Trust Me: Using Customer Experience to Build Health Care Relationships
Whether you work in consumer goods, tech or health care – frankly, any industry – having the trust of your customers/buyers/members is critically important. Think of it as a savings account – making regular deposits of trust-building interactions helps health care relationships grow. And at the most fundamental level, when someone trusts you, it’s more likely they’ll do business with you – and continue to do so. It’s a matter of the bottom line.
The 2019 Edelman Trust Barometer delivers some surprising insights about trust in health care. Researchers looked at five subsectors in the health care industry – hospitals/clinics, biotech/life sciences, insurance, consumer health and pharmaceuticals. The insurance market fell smack in the middle when it came to trust rankings, falling short of hospitals/clinics and biotech/life sciences but beating out consumer health and pharma. Susan Isenberg from Edelman penned an interesting take on the widening health care trust divide highlighted in the barometer.
HealthSparq recently partnered with customer experience expert Megan Burns to share trust-building insights and tips with health plans. Megan has spent the last 20 years studying how companies like USAA, Amazon and FedEx use experience to create loyal customers and gain a powerful competitive advantage. She has a wealth of knowledge about trust – both how it’s built and eroded.

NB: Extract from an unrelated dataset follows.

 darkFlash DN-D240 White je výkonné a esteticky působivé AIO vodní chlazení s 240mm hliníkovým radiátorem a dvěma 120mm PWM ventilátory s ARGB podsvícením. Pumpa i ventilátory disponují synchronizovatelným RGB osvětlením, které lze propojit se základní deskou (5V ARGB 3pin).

All is not lost for health plans and I invite you to watch the replay of our webinar with Megan. Consumers (and employer groups) are looking to plans to help them navigate an ever-more complex health care system. Here are some suggestions for how you can build trust with members.
MAKE YOUR CHANNELS OF INFORMATION MATCH
The information you share across your websites, email and other channels like customer service should all be consistent and provide your members the same details. Consistency between and across channels is the most elemental trust-building a plan can do.
AVOID HEALTH CARE JARGON
Health plans are improving in this area, but there is still a lot of room for increasing use of plain language. Avoid industry acronyms, phrases and terminology that people do not—and will not—understand.

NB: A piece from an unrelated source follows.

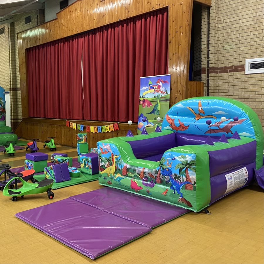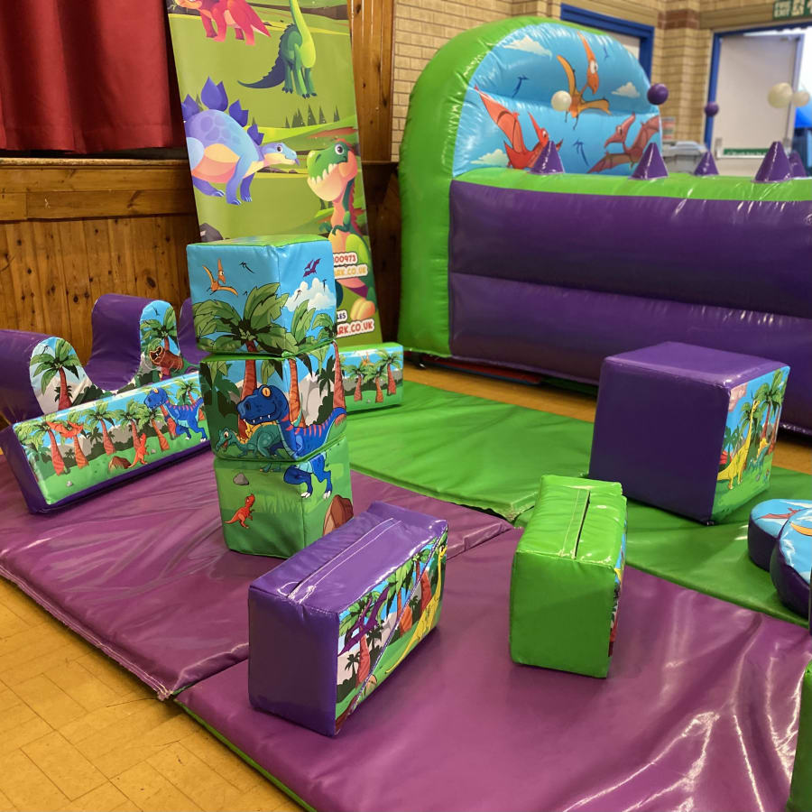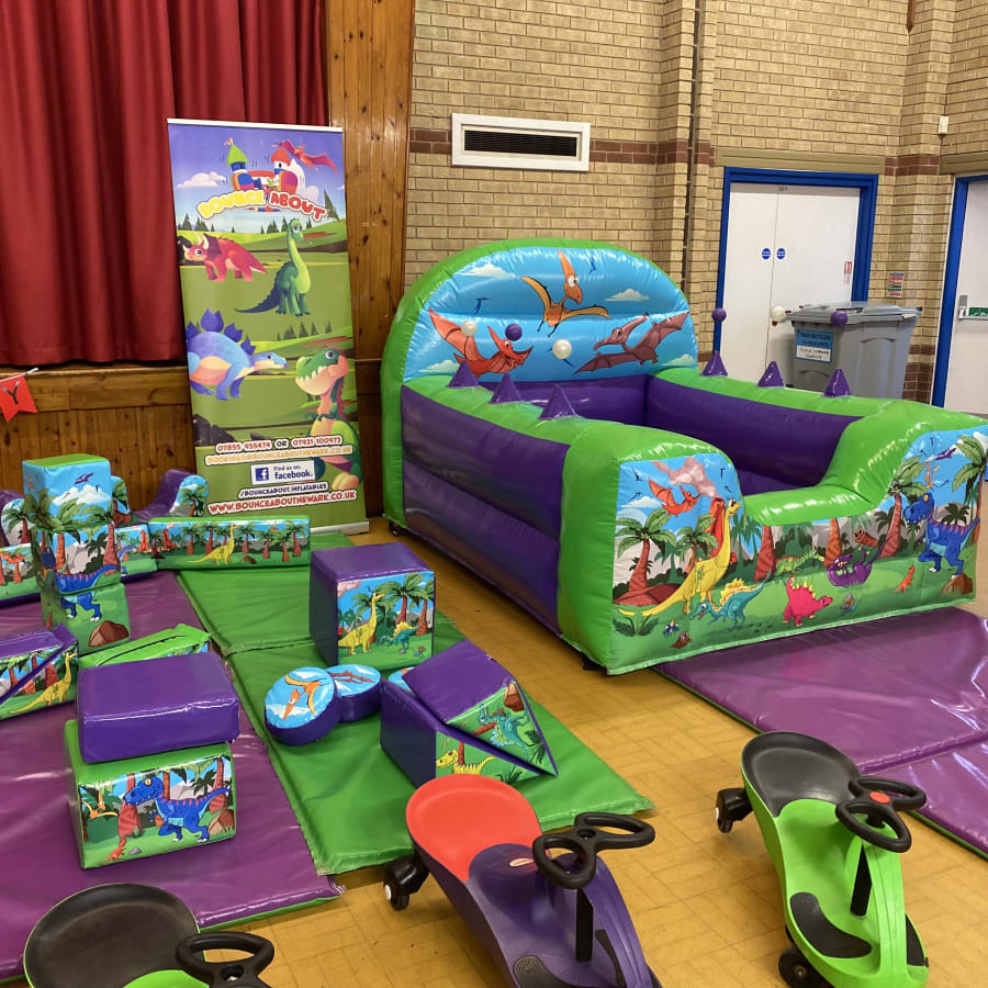 Bright. Safe. Interactive. The Dinosaur Interactive Air Juggler Ball Pool with 16 Piece soft Play Shapes delivers a bold dinosaur-themed soft play experience for parties, nurseries, and events. This set combines a large green soft play mat, Matching Dinosaur soft play shapes, Coloured matched Didi cars, rockers and a Bluetooth music system for non-stop fun. Perfect for families and event planners in Newark, Nottinghamshire, Lincolnshire. 🎶🟩

SHARE EXPECTED COSTS AND MAKE THEM PERSONAL
People want more information about health care costs. In fact, our research shows that 75% of people say cost information from their health plan is highly useful to them – even more useful that health care cost information from their provider or hospital. We suggest that health plans use their own claims data to provide personalized out-of-pocket estimates in an easy-to-access location on your website.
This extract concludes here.